I was pleased by your post regarding Richard Strauss, one of my favorite, and the most literary of, composers, because it reminded me of the similarities and analogies I have been entertaining in private for years.
His orchestral piece Ein Heldenleben always reminds me of Look At The Harlequins, especially its fifth movement, Des Helden Friedenswerke, the way he used themes from his previous works (Till Eulenspiegel, Macbeth, Also Sprach Zarathustra, Don Juan, Don Quixote etc), while the second movement, The Hero’s Adversaries, is Strauss’s “Reply to His Critics,” so to speak. Many critics failed to perceive and appreciate its irony and humour.
The opera Salome was his succès de scandale, and stylistically it is as innovative and exuberant as Lolita.

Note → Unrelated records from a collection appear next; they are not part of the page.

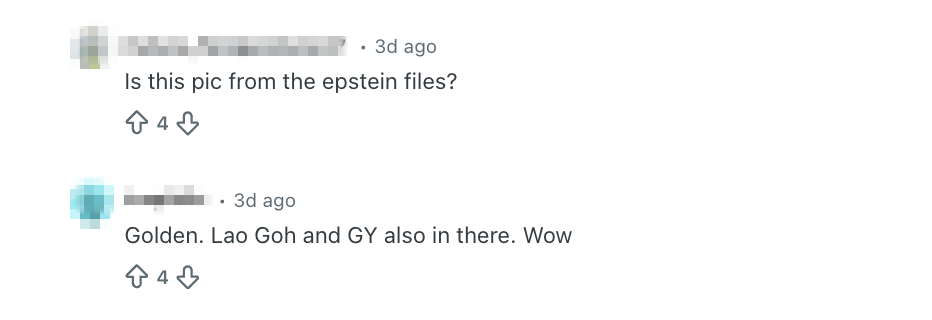 A photograph showing President Tharman Shanmugaratnam and former Prime Minister Goh Chok Tong at a group dinner with Jeffrey Epstein and Ghislaine Maxwell has resurfaced, prompting discussion on online forums.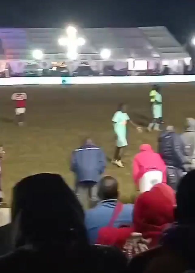 soccer game taking place at night. The field is lit by bright spotlights. A large, white tent stands behind the field. People are standing and sitting in the foreground, watching the game. Players in light green jerseys and red jerseys are visible on the field. A referee in a yellow shirt is also present. People walk around in front of the camera. Signage reading "CLEO MALALA" is visible behind the field.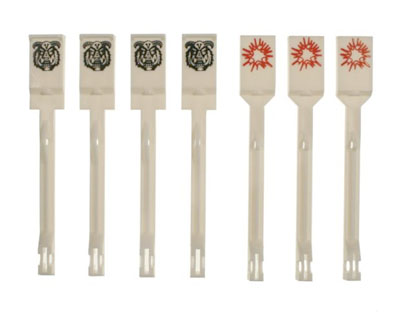 7-piece set of new white plastic drop targets with artwork decals for all of the drop targets on Bally Paragon.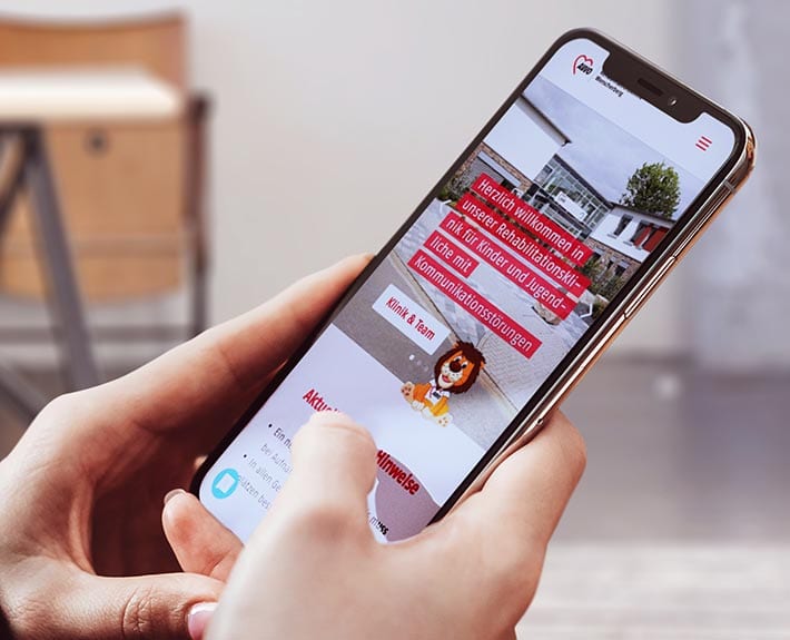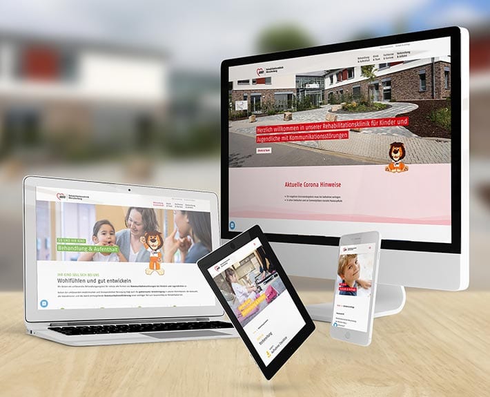 Unterstützend dazu wirkt die Bildsprache, speziell dafür wurde ein Maskottchen, der Löwe, entwickelt, welches wir in verschiedenen Positionen an unterschiedlichen Stellen auf der Webseite platziert haben. Mit authentischen Bildern der Rehaklinik und den Therapiemöglichkeiten vor Ort, haben Interessenten die Möglichkeit sich einen ersten Eindruck zu verschaffen und Vertrauen aufzubauen.
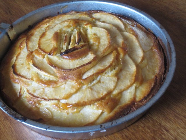 - Engrasar con mantequilla un molde para tarta y verter en el la mezcla; distribuir por encima las lonchas de manzana, superponiéndolas unas en otras.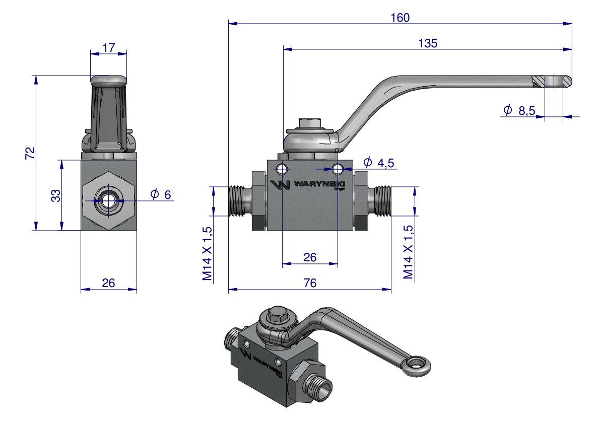Zawór kulowy hydrauliczny 2-drogowy 2/2 M14x1.5 08L z otworami mocującymi 500 bar Waryński [WKH-08L-M14X1.5]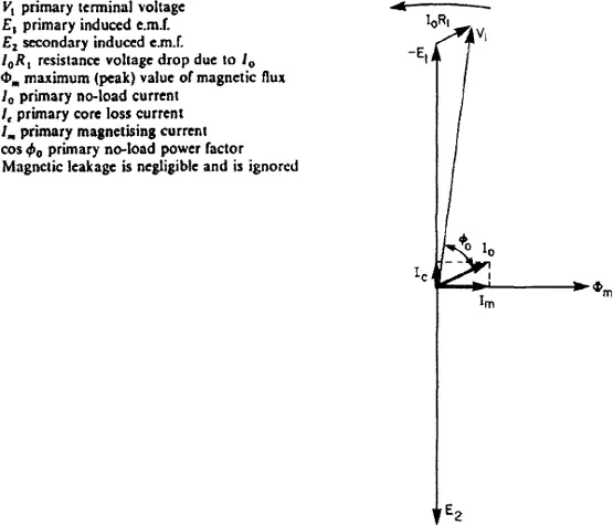 The above expression holds good for the voltage induced in either primary or secondary windings, and it is only a matter of inserting the correct value of N for the winding under consideration. Figure 1.1 shows the simple phasor diagram corresponding to a transformer on no-load (neglecting for the moment the fact that the transformer has reactance) and the symbols have the significance shown on the diagram. Usually in the practical design of transformer, the small drop in voltage due to the flow of the no-load current in the primary winding is neglected.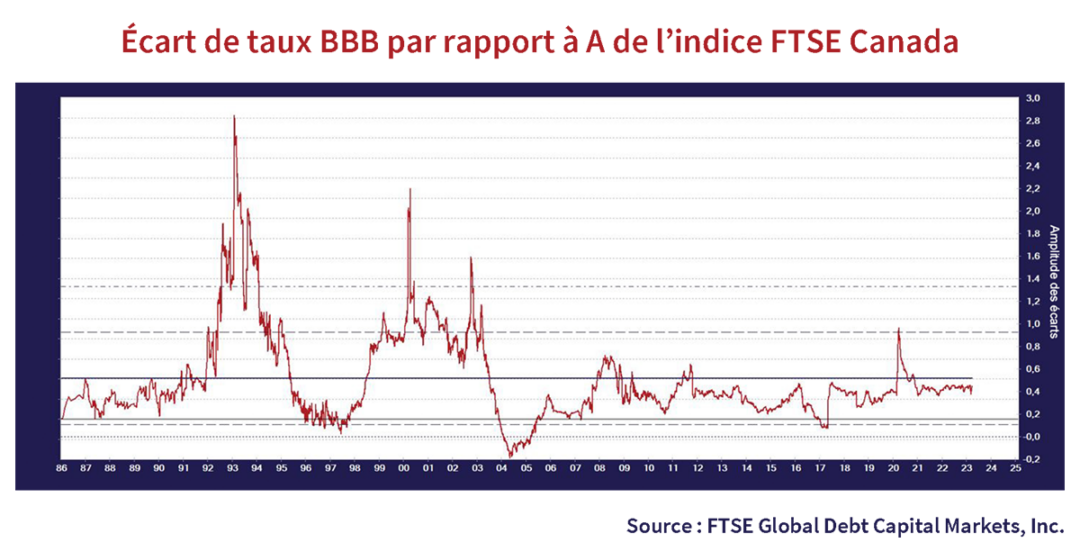 À la fin de 2022, nous avons constaté que les primes de risque pour les obligations de catégorie investissement étaient de plus en plus attrayantes. Cela était particulièrement vrai sur le marché canadien, où les écarts de taux divergeaient de ceux des États-Unis l’été dernier et semblent maintenant raisonnables à 191 points de base. Les écarts devenaient attrayants par rapport aux creux d’après la pandémie, mais aussi par rapport aux précédents historiques. D’après le graphique des antécédents historiques ci-dessus, nous pouvons observer que les écarts des titres canadiens de qualité supérieure se situent au-dessus des écarts importants de 2011 et de 2016 et ne sont inférieurs qu’à ceux de 2008 et de 2020.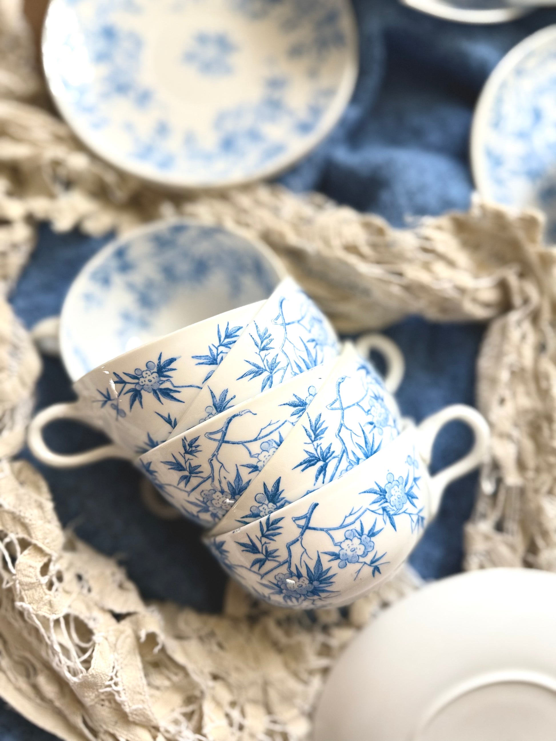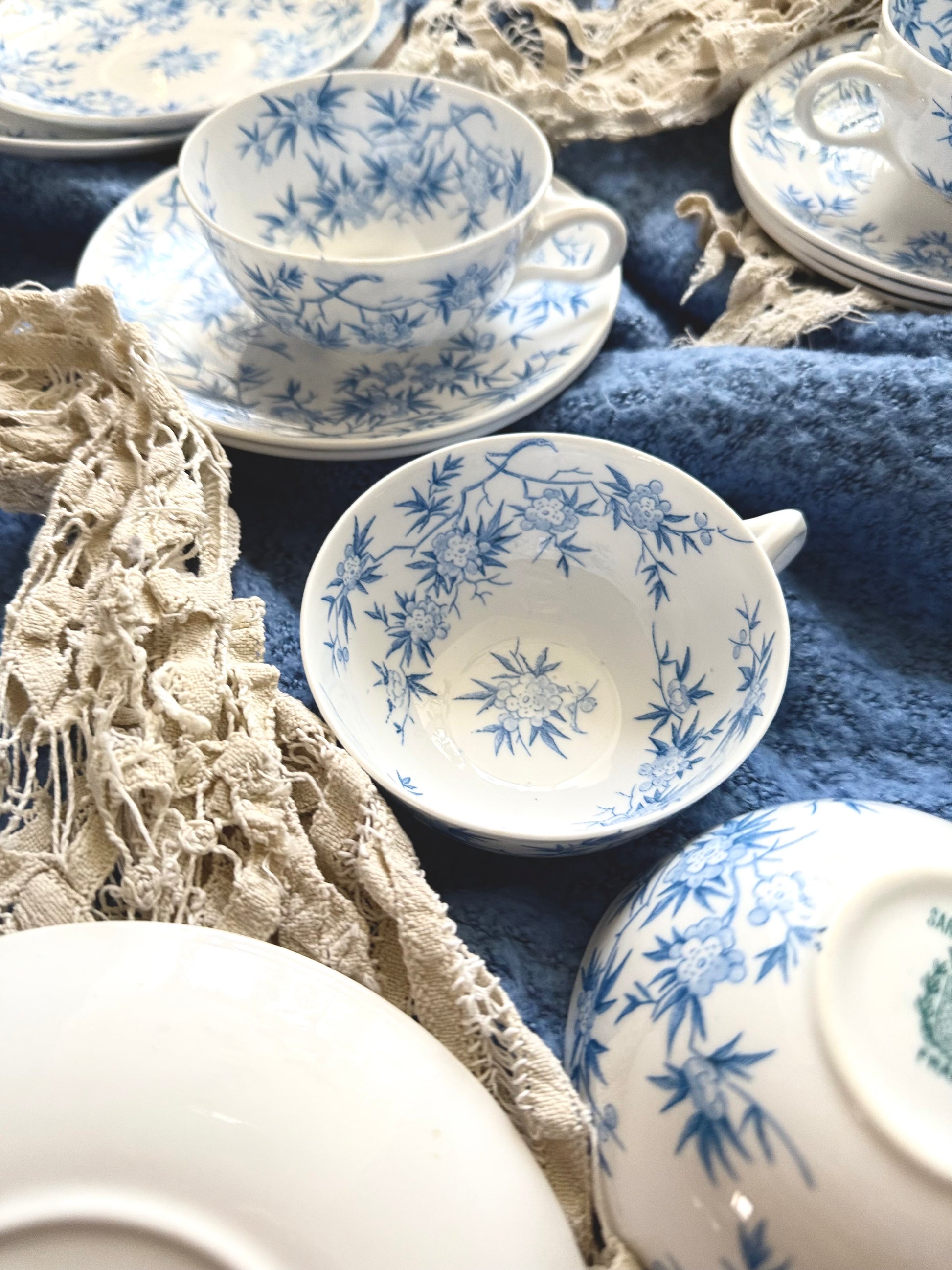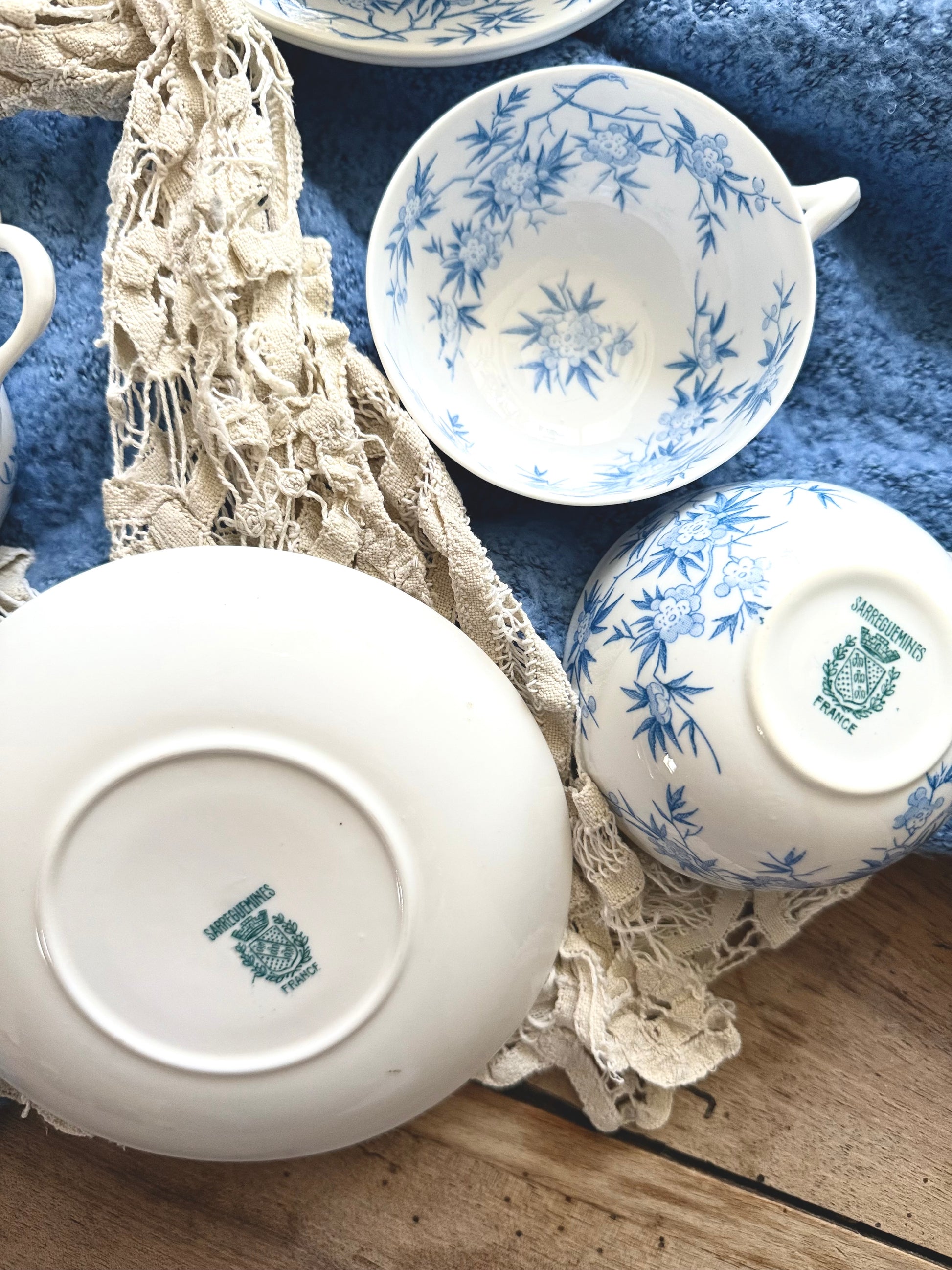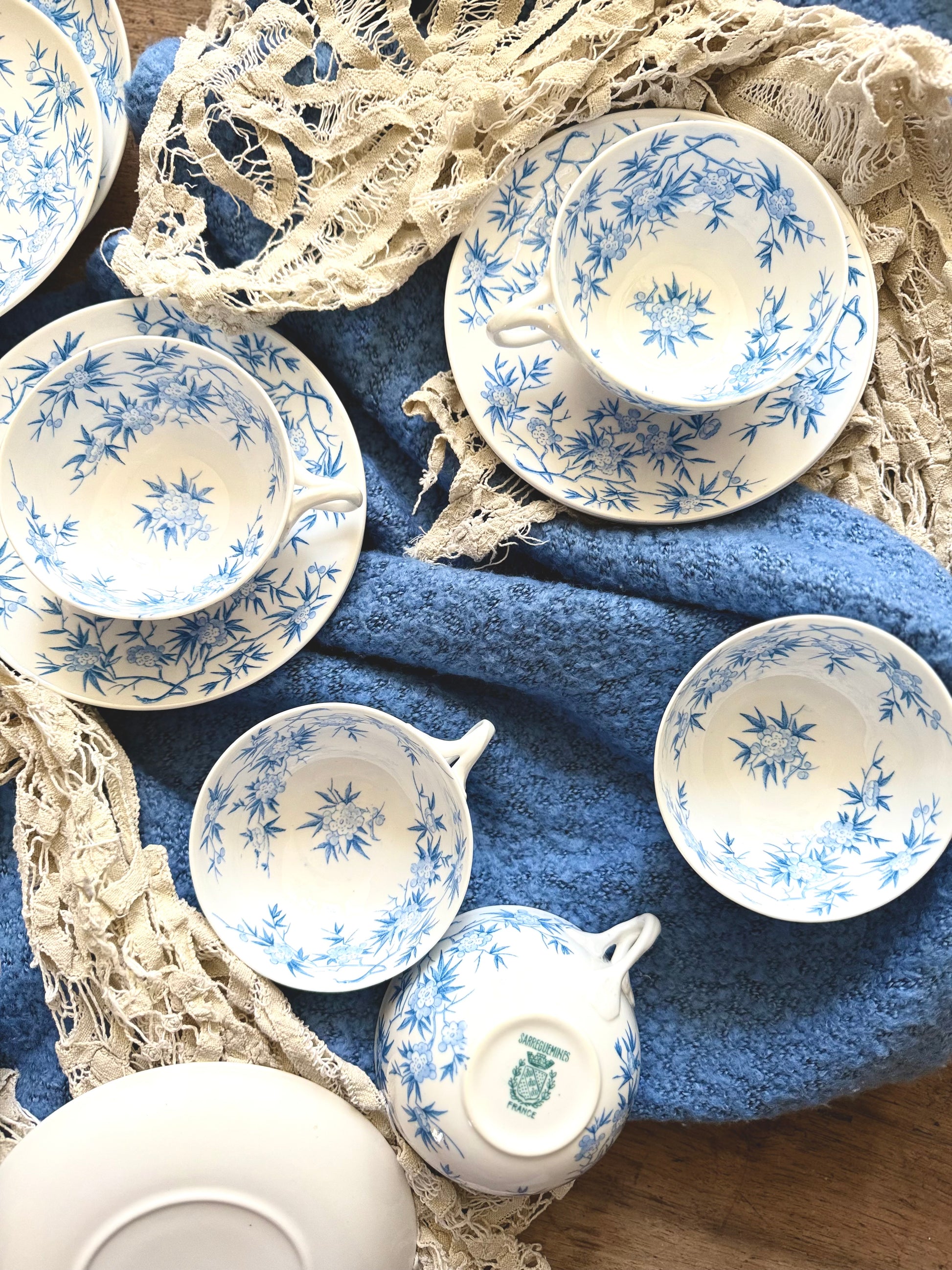 Pour vous réchauffer et dresser un joli « tea-time » je vous propose cet ensemble en faïence fine de la maison Sarreguemines. Modèle nommé « épines » couleur bleu cobalt.

Elektra in its use of dissonance, chromaticism and harmonic parallelism was a forerunner of modernism in music in the same way that Pale Fire heralded postmodernism; and also his extremely complex use of leitmotifs is analogous to VN’s.
Kind regards,
A. Bouazza
Query
Been listening to Richard Strauss, reading about him, and he reminds me of Nabokov. Same sense of humor, interesting letters, full-term marriage, hair-unfriendly forehead and an insistence on avoiding easy aesthetic categories. For example, this Q and A from a press conference with Strauss has a Nabakovian ring:
“What do you think of the American school of composers?”
“There aren’t any schools; there are only talents and geniuses.”
Strauss was a great musician who also loved writing. Nabokov was a great writer who it seems to me doesn’t display much interest in music, surprisingly for a father whose son became an opera singer (maybe something Nabokov has in common with Michael Corleone).
The only significant reference to music I can think of offhand is the aversion to jazz by his surrogate John Shade. Anyway, my query: is music a major factor in Nabokov’s work?